I ask you, the reader, simply to consider my speculation as a possible answer, but don’t believe it as hard and fast “truth.” I might be wrong in my speculation as to the mechanism of how we are transformed into “gold.” I don’t really care if I am right or wrong. These explanations make sense to me and they may to you as well. Further, it doesn’t make any difference. They are only possibilities. What I know is something wondrous does happen. So, don’t believe me. Try it for yourself and see.
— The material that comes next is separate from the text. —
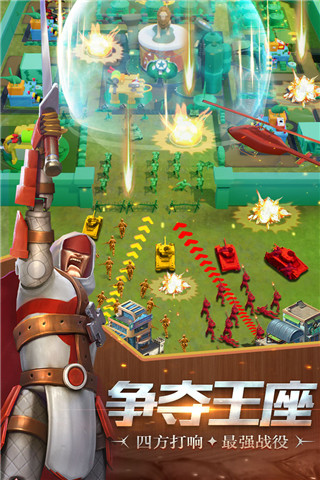 兵人大战是一款玩具兵题材的SLG策略手游。3D复古的军官形象,活泼生动的玩具造型,无论是手持雪茄的大兵还是性感狂野的女军官;无论是高冷朋克的小丑女还是温婉可人的牧羊女;无论是男友力爆棚的韦恩还是嬉皮洒脱的本杰明。总有一款你会喜欢。专属的荣耀铭牌、帅气的集团军旗帜、百变的指挥部外观,丰富的游戏感观不容错过!兵人大战游戏向玩家传达的主旨是:童年,不只是回忆……重新回到你童年中最美好的时光,踏上令人兴奋的冒险旅程。带领绿色的小小兵人、遥控飞机、橡皮鸭子、变形金刚等心爱玩具组成兵团,在卧室、走廊、客厅和后院抵抗邪恶军团的入侵!
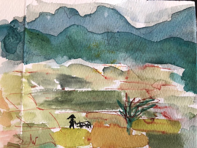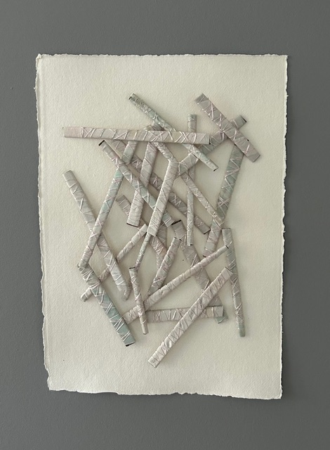 Anne Marijke maakt vouwboeken in mixed media techniek, vooral met textiel en papier. Om zich te oriënteren op wat ze wil maken tekent ze veel. Het gaat haar om lange, horizontale formaten, om de vergrijsde Nederlandse kleuren van het landschap, om rust en ruimte.

One last thing: in studying sexual biology, I found a lot of girly woo-speak. Using this new perspective, there is a hardcore, science/engineering translation for woo-speak. The girls are right. They just don’t speak our language. Quite a few women speak out of their right-brain and we listen with our left-brain. And you wonder why we can’t communicate? Also, after a while, science can get boring too. I’ve translated both woo and science-speak into English where I can. The bottom line is we can study and argue about sex and love for the next 1000 years and there will always be a mystery.